If countable dimensions answer "How many?", then simple dimensions answer "Which ones?". Using the same example above used in the countable dimension section; Page Name is the simple dimension. Using the table and the simple dimension, Page Name, we can answer questions such as:
- "Which page had the most page views?"
- "Of all the Shopping Cart pages, which one had the most visits?".
3) Many-to-Many Dimensions
Many-to-many dimensions have a many-to-many relationship with a parent countable dimension. For example, if a dimension named External Search Term is at the Visit level; a given External Search Term may be used in one or many Visits, and a given Visit may include one or many External Search Terms. Thus, External Search Term is a many-to-many dimension.
4) Numeric Dimensions
Numeric dimensions are a type of simple dimension that has a numeric value. Numeric dimensions are often created to be used in metrics. Examples of numeric dimensions include 'Revenue', 'Orders', and 'Units'. In the example above, the 'Customer Orders' is a numeric dimension. 5) Denormal Dimensions Denormal dimensions are dimensions that have a one-to-one relationship with a parent countable dimension. Denormal dimensions are often used with dimensions that have high cardinality (many unique elements) like identification data. For example, a visitor can only have one User ID and a User ID can only belong to one visitor. Thus, this is a one-to-one relationship and can be a denormal dimension.

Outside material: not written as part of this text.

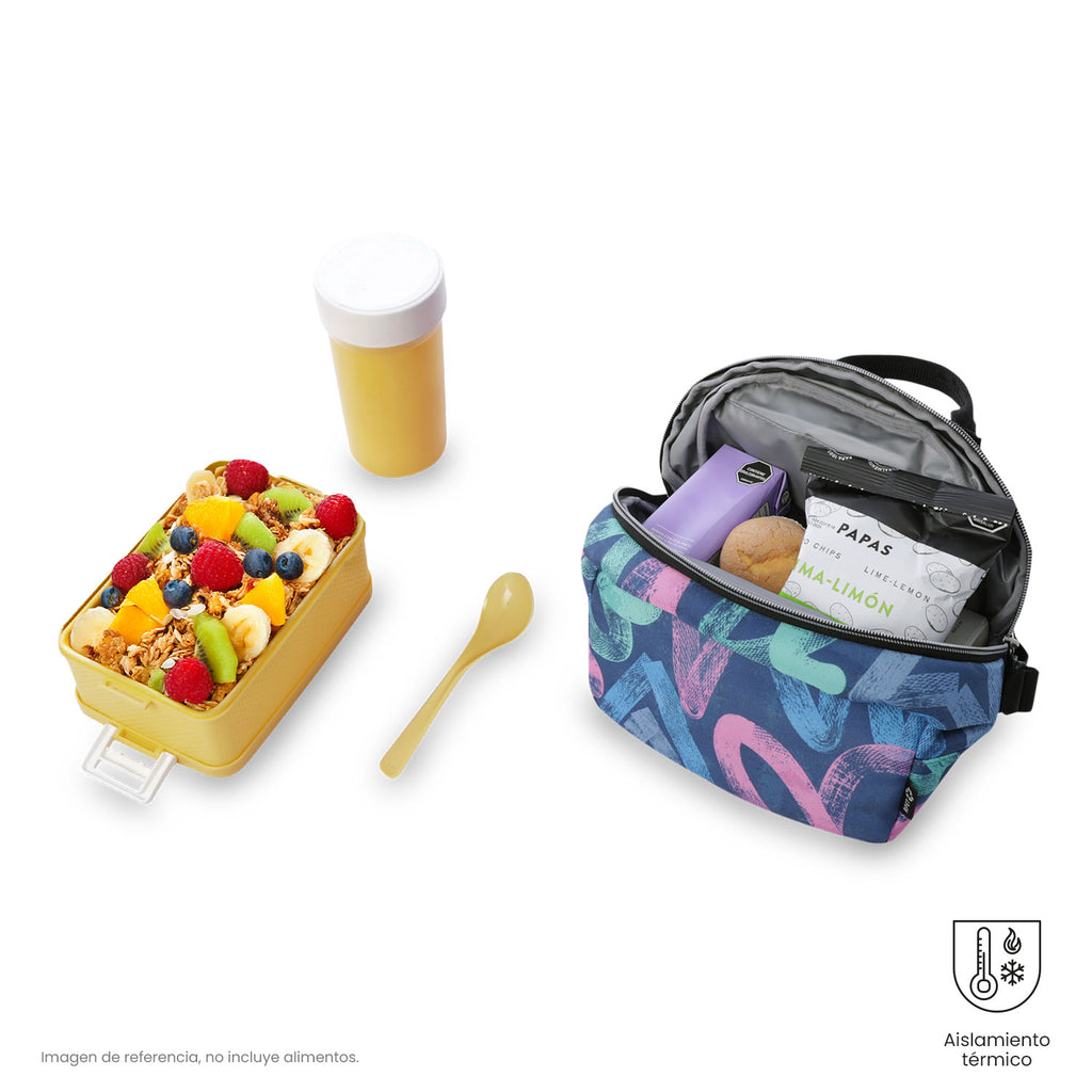 ¡Mantén tus alimentos frescos con la lonchera Borrador! Su tecnología térmica conserva la temperatura hasta por 5 horas, ideal para el día a día. Incluye elástico interno para sujetar botellas, pasador para sistema de ruedas y correas ajustables para mayor comodidad. Fabricada con botellas plásticas recicladas RPET, es resistente, fácil de limpiar y repelente a líquidos. ¡Consíguela hoy y disfruta de funcionalidad y sostenibilidad!

For example, Geometrixx Web User ID is a denormal dimension at the customer level. Since it is denormal, it has a one-to-one relationship with its parent dimension, meaning that each Web User ID has one customer and each customer only has one Web User ID. Thus, the 'Customers' metric can only be '1' for each element of Geometrixx Web User ID.
6) Time Dimensions
Time dimensions allow you to create a set of periodic or absolute local time dimensions based on the timestamp field that you specify. Examples of time dimensions include 'Day', 'Hour', 'Week', and 'Hour of Day'. In the example above, the 'Hour of Day' table shows how many visits and page views were received during the different hours of the days.

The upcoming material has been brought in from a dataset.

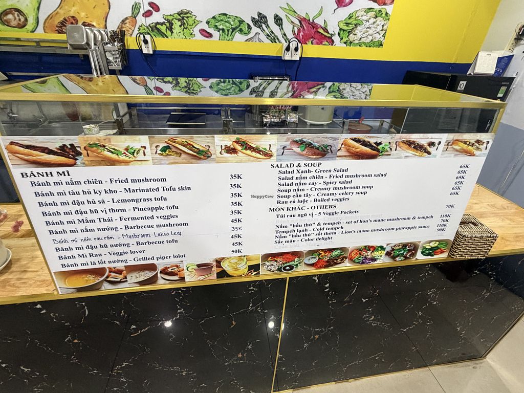 Take out and delivery restaurant with a seating area with 15 seats for dine in. All dishes and ingredients are vegan with no animal products and no dairy including sauces, condiments and toppings. Packaging is almost entirely plastic free, using mostly paper. Can be found on food delivery apps such as Baemin and Grab Food. Menu focuses on banh mi sandwiches but also includes mixed rice, noodles and more. Also sells sauces. Only brown rice is used. Relocated from 303 Nam Ky Khoi Nghia, District 3. Open Mon-Sat 7:00am-9:00pm. Closed Sun. except Chay days (1st & 2nd lunar cal.)

The % escapes used for display formatting is the same as the standard C library strftime .
Defining Extended Dimensions
Steps to define Extended Dimension:
- While working in your dataset profile, open the Profile Manager and click Dataset to show its contents.
- Open the Transformation.cfg file or the Transformation Dataset Include file in which you want to define the extended dimension.
- Right -click Transformations and click Add new > <Extended dimension type> .
- Input the appropriate information for your extended dimension. For descriptions of the transformation types and information about their parameters, see the following sections:
- For any extended dimension that you define, you can add one or more comment lines to the Comments parameter to further describe the dimension or add notes about its use. To add a comment, right-click the Comments label and click* Add new > Comment Line*.
- After you have defined your extended dimension(s) in the configuration file, save the file locally and save it to your dataset profile on the DWB server.
Hiding Extended Dimensions
Extended Dimensions can be hidden so they do not show up on the Dimension Menu in the DWB. To hide the dimension, set the Hidden property to "True" in the dimension definition.